與其說腦海裡一片空白,不如說短時間內發生得太多了——讓她覺得資訊過載得厲害。
唇上殘留的溫熱觸感,我夢懷抱的力度,還有更早之前那份帶著血腥氣的、蠻橫的掠奪……所有畫麵和感覺在腦海裡混雜衝撞,讓她一時失去了處理能力。
她剛才……是和我夢接吻了?
這個認知慢了好幾拍才浮現,帶著陌生的悸動和更深的不安。
然後是隨之而來的擁抱——
她本該推開的,可我夢笑聲裡純粹的喜悅,以及自己心底那份模糊的、對他之前受傷神情的愧疚與補償心理,讓她僵硬的手指遲遲無法動作。
曾經總像是隔著一層、矇著一道說不清道不明屏障的心靈,在被藤宮那份烈焰般燙熱的情感衝擊灼燒過後,又被我夢溫柔的氣息循著薄弱處涓滴滲透了進來,隱約多出的裂縫處傳來的、陌生而細密的震顫,讓她連最簡單的拒絕都變得猶豫不決。
她也的確,被他漫開包裹過來的情感打動了。
親吻都默許了……抱一抱,也沒有什麼吧?
她這麼想著,有些笨拙和僵硬地虛環著我夢的背,思緒卻飄在了混亂的空處。
迷茫、震動、無措……
直到那道冷冽的嗓音在頭頂炸開,像一盆冰水兜頭澆下,瞬間喚醒了所有的感官。
天方渾身打了個激靈,本能地、幾乎是驚慌地一把推開了還抱著她的我夢,愕然回頭。
目光撞進藤宮深不見底的眼眸裡時——那些過於複雜和洶湧的波瀾,那些她無法解讀的過於晦澀的東西,幾乎瞬間就讓她回想起了不久前唇上那份強勢、混亂、甚至帶著痛楚的觸感。
對直白激烈情感的本能畏懼,讓天方像是被燙到了一樣迅速轉回頭,不敢再與之對視。
她聽見自己乾巴巴地、禮貌性地應了一聲:“……嗯。
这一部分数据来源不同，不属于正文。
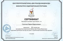 Учитель физической культуры ГБОУ "Набережночелнинская школа №67" прошел 20-часовой курс программы Благотворительного фонда "Дом Рональда Макдоналда" "Адаптивная физическая культура для детей с ОВЗ"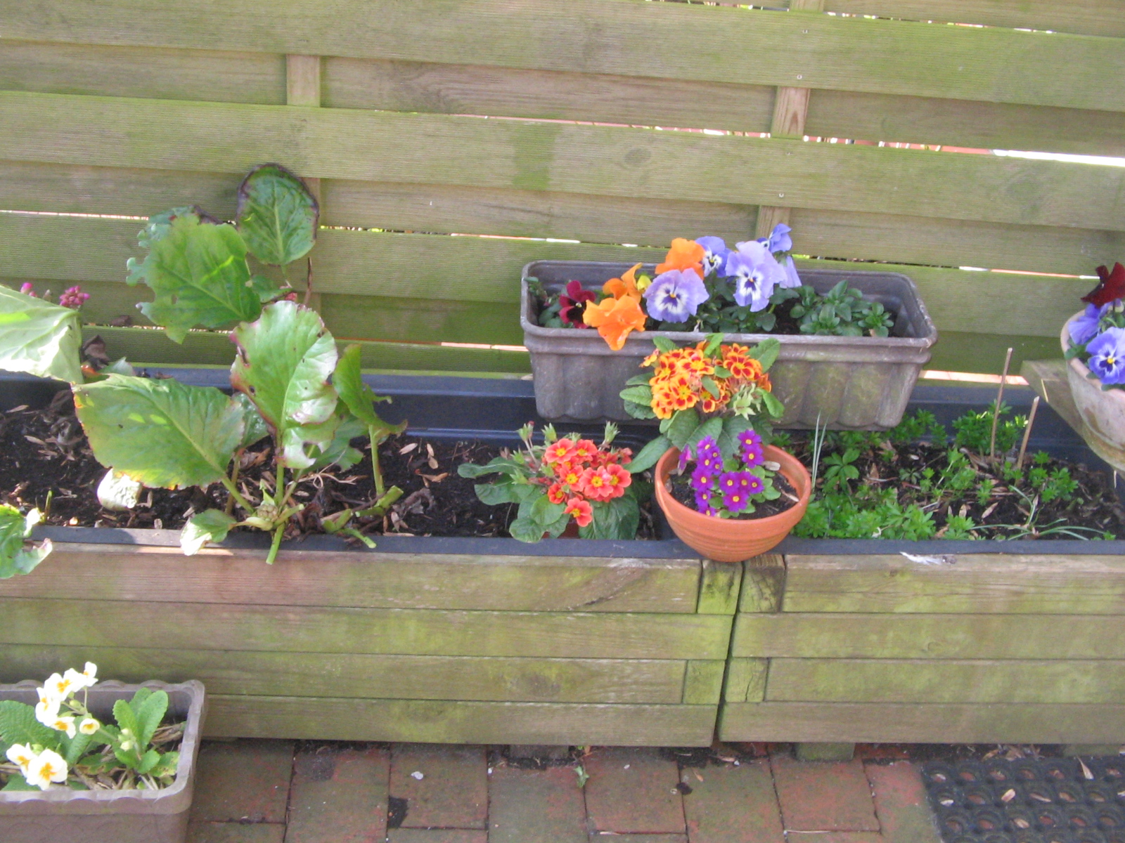 Im tiefsten Schatten neben der Haustür wächst seit Jahren sehr schön eine Hosta. Allerdings füllt sie bald den ganzen Kasten. Im gleichen Kasten wächst Waldmeister und ein kleiner Rest Buschwindröschen.

”
這份下意識地“區別對待”——對我夢的縱容接納,與對他的驚恐迴避——像一根淬了毒的細針,精準地刺進了藤宮的心口,尖銳的疼痛立刻蔓延了開來。
但他隻是微微眯了下眼眸,便將那股痛楚碾碎,轉化為了更加決絕的行動力。
藤宮沒再說什麼,甚至沒有分給我夢一個眼神,他微微俯下身,手肘壓在了她身後的沙發靠背處,用平穩到近乎詭異的語調在她耳後提醒道:“你們兩個,往右邊讓一讓——”
溫熱的氣息拂過敏感的耳際,天方不受控製地輕顫了一下,耳垂迅速染上了一層緋色。
某種陌生的、細微的電流感竄過後頸,順著脊椎散開,她隻能勉強將其歸結為緊張與不適。
藤宮半垂的眼睫也隨之顫動了兩下。
他攥緊了發癢的指尖——壓抑住了那份想去碰觸她的耳垂、用指腹去感知一下那份熱度的莫名衝動。
眼底的顏色暗沉了一分,他不再等待,直接手臂用力,利落地撐著沙發靠背翻越了過去,毫不猶豫地緊挨著天方,坐在了她的左側。
“你……”天方睜大了眼,身體因他的突然靠近而瞬間繃緊,甚至忘了自己其實可以立刻站起來躲開,錯愕地張了張口,“藤、藤宮?!”
我夢咬緊了牙關,臉色沉了下來:“藤宮——!”
藤宮卻像是沒聽見。
他甚至從容地調整了一下坐姿,翹起一條腿,手臂再次伸出——這一次,目標明確地扣住了天方的肩頭,稍一用力,便將她攬向了自己的身側。
“怎麼?”他這才側過頭,目光先掠過了升起一臉怒容的我夢,最後定格在天方寫滿無措的臉上,語氣平淡,“你們不繼續看了?”
天方的腦子亂成了一團:“欸?……”
看——看的確還是要看的……呃……可是這種時候……啊……為什麼要這個姿勢……
肩頭扣緊的那些手指、左側身軀緊貼傳來的陌生體溫、藤宮身上那股極具存在感的氣息……所有感官資訊似乎都在尖叫了起來。
她應該立刻推開他,應該嚴厲地製止這種過界的行為——
她的手臂隻抬起了一半——藤宮便鬆開了手。
施加在肩頭的力道驟然消失,天方因為慣性而微微向右歪倒,又被自己僵住的姿勢卡在半途,再次愣住了。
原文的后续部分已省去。